Model 1 represents removing the decoder structure, where only the Transformer encoder structure is used for feature fusion in the template branch and search branch. It directly utilizes the search region information obtained from the encoder for bounding box prediction. Compared with the baseline model, it can be observed that removing the entire decoder structure has little impact on the overall performance. Instead, it saves parameters and computational resources. It is reflected from the side that the decoder information is not fully utilized in the baseline structure, which inspired us to use only the Transformer encoder structure in the Transformer feature fusion module.

Model 2 means adding a multi-scale feature fusion module based on Model 1. By combining the features output by the high-level network and the features output by the low-level network, that is, multi-scale feature fusion, more discriminative search area features are obtained, thereby improving the algorithm’s accuracy. This validates the effectiveness of the multi-scale feature fusion module with a minimal computational cost.

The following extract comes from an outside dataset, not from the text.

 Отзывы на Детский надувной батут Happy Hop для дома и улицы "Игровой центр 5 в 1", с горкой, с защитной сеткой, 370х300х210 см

Model 3 represents the introduction of an online template updating mechanism and the proposal of a multi-template feature fusion module based on Model 2. By employing the SA-CA mechanism, the model effectively utilizes the correlation information between the initial and dynamic templates, extracting rich semantic information from multiple templates. It achieves a performance improvement of \(0.8\%\) on the LaSOT, demonstrating the effectiveness of this model structure enhancement.

Drawing from the preceding analysis, the LaSOT dataset’s experimental findings confirm each module’s impact within our proposed SiamSC.

5 Conclusion

We propose a Simases tracking network with multi-attention mechanism. Firstly, we introduce an online template updating mechanism to address the issue of poor tracking performance when only using the initial template from the first frame. The template branch incorporates dynamic templates in addition to the initial template, and a multi-template feature fusion module is designed to effectively combine the features from the initial template and dynamic templates, obtaining more informative feature representations. Meanwhile, the search branch utilizes a multi-scale feature fusion approach to obtain rich feature information in the search region, enhancing the tracking capability in complex scenes. Secondly, Instead of traditional correlation operations, we employ a Transformer encoder as the feature fusion module to fuse the features of the template branch and search branches’ features. Additionally, the dynamic templates are updated online based on confidence scores. Finally, the tracking results are directly obtained using a corner-based prediction head. The experimental results show that our algorithm achieves excellent tracking accuracy and speed compared to the advanced tracking algorithm on the UAV123, GOT-10k, and LaSOT, indicating its practical value and potential for further development.